Alot of theory stuff right now but I figured start at the source and work my way back. Right now with my Krell amp and NHT speakers I won't be seeing much load. However my krell amp at IDLE consumes 315 watts like a V8 at the drag strip high revving waiting to pump year ears full of goodness 

Lots of other things I wanna do will be all mapleshade platforms/rack under all the gear. I'm a avid semi-pro photographer also so the screen colors/calibration means alot to me as far as accuracy. I won't have expensive projector starting off but as the years progress I'll upgrade on a consistent basis.

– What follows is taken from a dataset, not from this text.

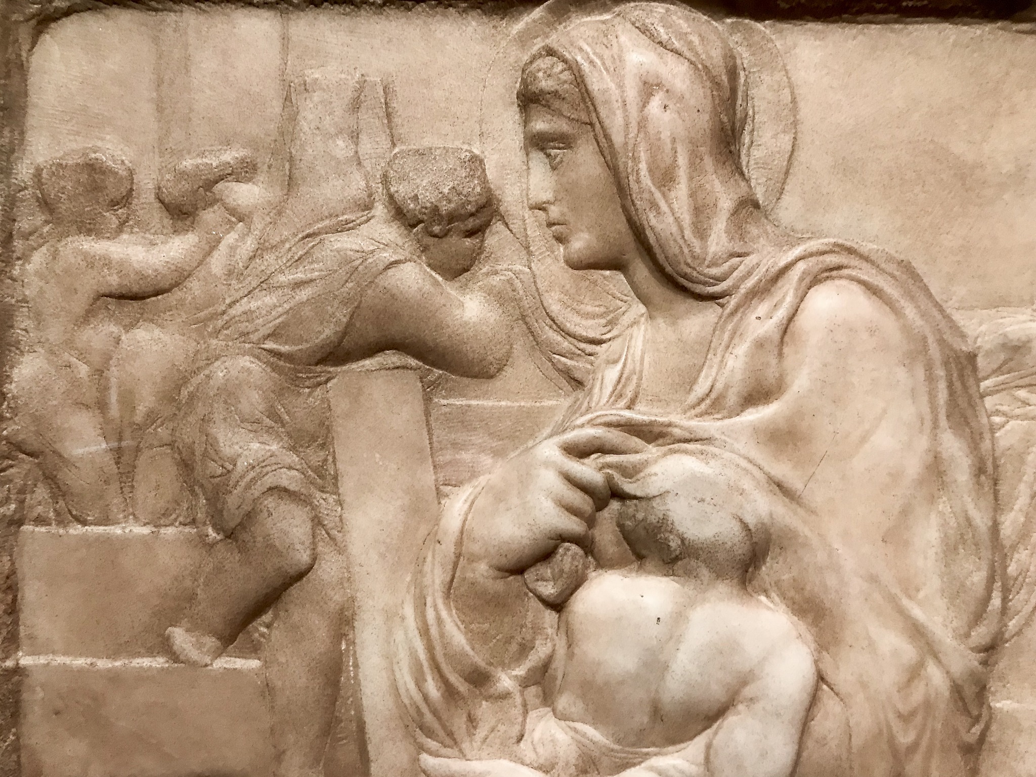 Michelangelo bei Biberach und anderswo: hier in der Casa Buonarroti in Florenz. Als Kostprobe von Michelangelos Genialität in jungen Jahren zeige ich ein Detail seiner wohl frühesten Arbeit in Marmor, 56,7 x 40,1 cm, datierbar um 1490. Die „Madonna an der Treppe“ ist absolut ungewöhnlich in der Deutung und großartig in der Ausführung. Michelangelos spätere Eigenart ist für Nachgeborene bereits zu ahnen. Es ist verständlich, dass die Zeitgenossen sprachlos waren bei dieser Behandlung des Marmors und rätselhaften Auslegung des Themas.

Also don't think that ISO trannyies will work great for all gear. I mentioned having a separate one for each gear but some don't act well with it so thats another thing I'll be able to test.


----------



## Talley (Dec 8, 2010)

OH... I'll end up gutting this panel guts out and installing copper buss bar and using copper blade fuses ridgid mounted and the wires lugged and direct bolted to the fuses. This will eliminate any tin plating in the system and keep the system copper only. Copper sonics are the best to the ear next to silver while tin sounds dirty...

again another "theory" I'm wanting to test out. Again... all of this is costing me next to nothing and I literally ran all my wiring/hookup the panel, drove the ground rods and completed all panel stuff in a 6hr period. Not bad at all.

This is me holding the copper buss that will be replacing the circuit breakers and will have fuses mounted to the buss and wire direct to fuses. (note: I'll be cutting this into the lengths I need).

...yes........ I'm crazy :wave:


----------



## Serenity Now (Mar 28, 2014)

Lol. Unsubscribed.


----------



## Talley (Dec 8, 2010)

Serenity Now said:


> Lol. Unsubscribed.


uh gee thanks? I guess.


----------